Die pakistanische Regierung hatte jüngst angekündigt, Flüchtlinge ohne Aufenthaltsstatus abzuschieben, wenn sie nicht bis Ende Oktober freiwillig das Land verlassen haben. Die Maßnahme zielt vor allem auf Afghanen aus dem von den islamistischen Taliban beherrschten Nachbarland, die in Pakistan den größten Anteil irregulärer Migranten ausmachen. Die Regierung macht mit den Plänen Stimmung vor der für Januar geplanten Parlamentswahl in dem südasiatischen Land.

Die Taliban forderten unterdessen mehr Zeit für die Ausreise Geflüchteter. «Wir fordern Sie erneut auf, Afghanen nicht ohne Vorbereitung zwangsweise abzuschieben, sondern ihnen genügend Zeit zu geben», hieß es in einer von der autoritären Taliban-Regierung veröffentlichten Erklärung am Mittwoch. Talibansprecher Sabiullah Mudschahid versicherte Afghanen Sicherheit, die das Land «wegen politischer Streitigkeiten» verlassen hatten. Eine hochrangige Delegation reiste demnach in die Grenzregion, um sich einen Überblick zu verschaffen.

Aktivisten warfen der pakistanischen Polizei vor, selbst Geflüchtete mit Ausweispapieren zu schikanieren. «Jeder wird verdächtigt», sagte Moniza Kakar, eine Anwältin aus der östlichen Millionenmetropole Karatschi, die Flüchtlinge vor Gericht vertritt. Dutzende von Flüchtlingen mit legalen Papieren, deren provisorische Lehmhäuser von der Verwaltung unter Aufsicht der Polizei abgerissen werden, um sie zu vertreiben, schlossen sich ihrer Meinung an.
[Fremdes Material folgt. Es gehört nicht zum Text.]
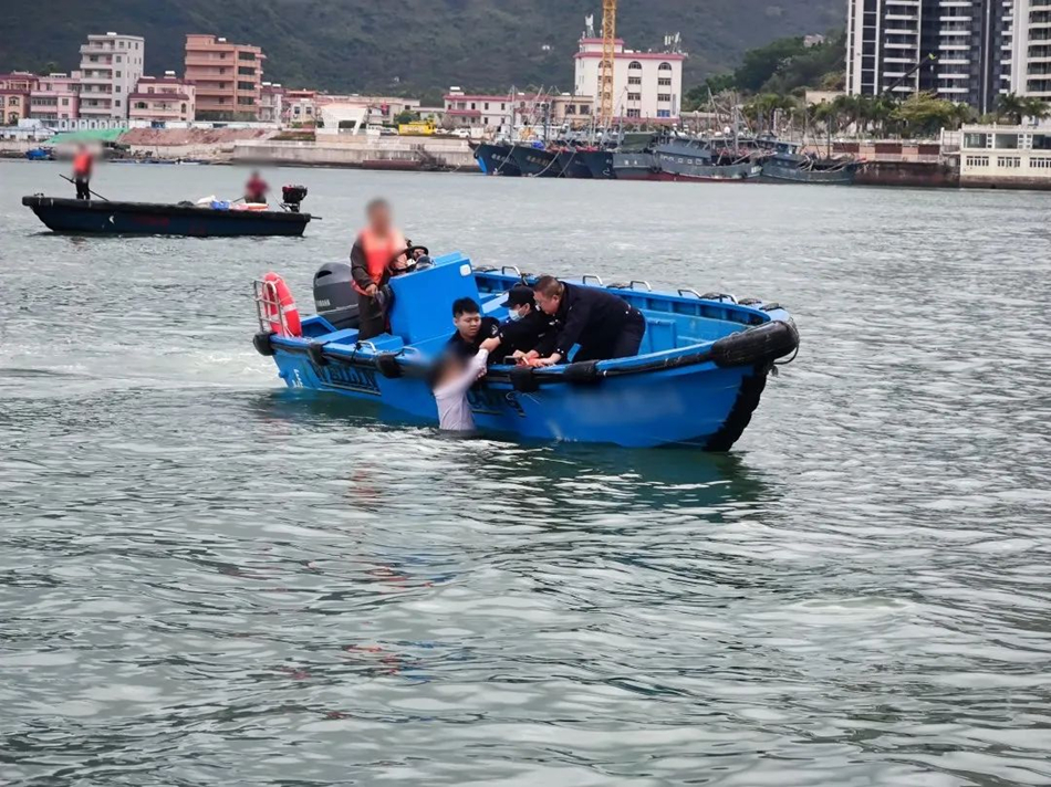 到達(dá)現(xiàn)場(chǎng)后,值班民警發(fā)現(xiàn)一名男子他正搖搖晃晃走向海中去。情況緊急,值班民警立即乘船向男子方向追趕、呼喊:“停下來,有什么事情我們可以慢慢聊一下,不要想不開!”,危急時(shí)刻,澳頭派出所值班民警快速到達(dá)該男子落水點(diǎn),奮力將其拉回船上。

Die Pläne der Regierung waren zuvor auf breite Kritik gestoßen. Die Menschenrechtsorganisation Human Rights Watch (HRW) kritisierte den Umgang der Behörden mit afghanischen Flüchtlingen ohne Aufenthaltsstatus. Diese würden durch Drohungen, Missbrauch und Verhaftungen dazu gedrängt, nach Afghanistan zurückzukehren. UN-Experten warnten, dass vielen geflüchteten Afghanen in ihrer Heimat Misshandlungen drohten. In der Provinzhauptstadt Quetta demonstrierten am Dienstag Tausende gegen die Abschiebungspläne, wie der Abgeordnete Mohsin Dawar auf X, ehemals Twitter, mitteilte.

Nach Regierungsangaben leben etwa 4,4 Millionen afghanische Geflüchtete im Land, 1,7 Millionen davon ohne gültige Papiere. Seit Beginn der Ankündigung haben laut dem UN-Flüchtlingshilfswerk UNHCR bereits mehr als 120.000 Afghanen das Land verlassen.

Menschenrechtler warnten, dass von diesem Mittwoch an nun auch Afghanen die Abschiebung drohe, die in Pakistan auf eine Weiterreise in die USA, Großbritannien, Deutschland oder Kanada warteten. Großbritannien hatte vor Ablauf der Frist nach pakistanischen Behördenangaben Afghanen mit Aufnahmezusage aus dem Land ausgeflogen.